After a moment, Liam nodded so slightly that Claire almost didn’t see it.
A sigh escaped her. She closed her eyes and brought her hands to her face, shaking her head, wondering what would become of them all. The situation was beyond hope. And then she
turned, dejected, went back to her pantry cell, and sat on the floor, placing the gag back into her mouth, and waited for Liam to tie her up again.
Descent
The next day Alex was no closer to a solution. While Sean, Meghan, Henry, and the Silents began stacking frozen creatures to make a stairway to the top of the wall, Alex made the rounds of the Unwanteds, trying to boost morale and offer help in any way he could.
“We need more water,” grumbled a woman on the beach. “The ration you’re giving us is worse than in Quill.”
“I’m starving,” a man said. “I haven’t eaten a thing in two days.”
“This place is a disaster,” voiced a group of Unwanted boys from Alex’s year. A few of them jeered. Cole Wickett took Alex aside. “Come on, Alex,” he said earnestly. “You’ve got to do something. People are going to leave, you know?”
Alex pressed his lips together. So far today he had taken a number of verbal beatings from the people of Artimé, and he was beginning to feel defensive and desperate. “I know,” he said. “We’re doing everything we can. I don’t know what else to say.”
Cole shook his head. “I’m sorry, Al, but . . . ” He looked around at all the Unwanteds, some weak and ill, sprawled on the ground, others grumbling in small groups, and still others lining the shore trying desperately to catch fish, with little success. “This place is starting to remind me of the Ancients Sector.
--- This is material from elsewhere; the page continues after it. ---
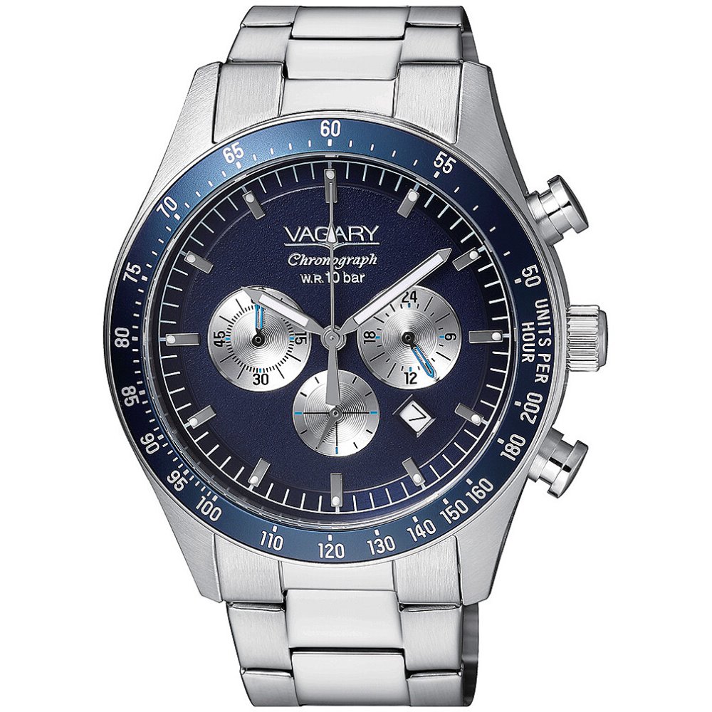 Vagary men's chronograph watch from the Rockwell collection. Model with steel case with screw back with a diameter of 42 mm, blue dial with applied indexes and mineral glass. The bracelet is made of steel with a push-button clasp. Watch with 10 atm water resistance, citizen quartz movement. Caliber 0510 and date display. The reference is IV4-012-71

Somebody’s got to step it up here. Fast.”
And it’s obviously not you. Cole didn’t say it, but it was implied. Alex felt the hopelessness of it all pulling him down, and at the same time a wave of reckless anger rushed up from his collarbone and he threw his hands up in the air. “Well, maybe you should be in charge, then. I never wanted this job, you know.” His mouth twisted against his will. “What do you want me to do, anyway? What exactly does everybody expect me to do?”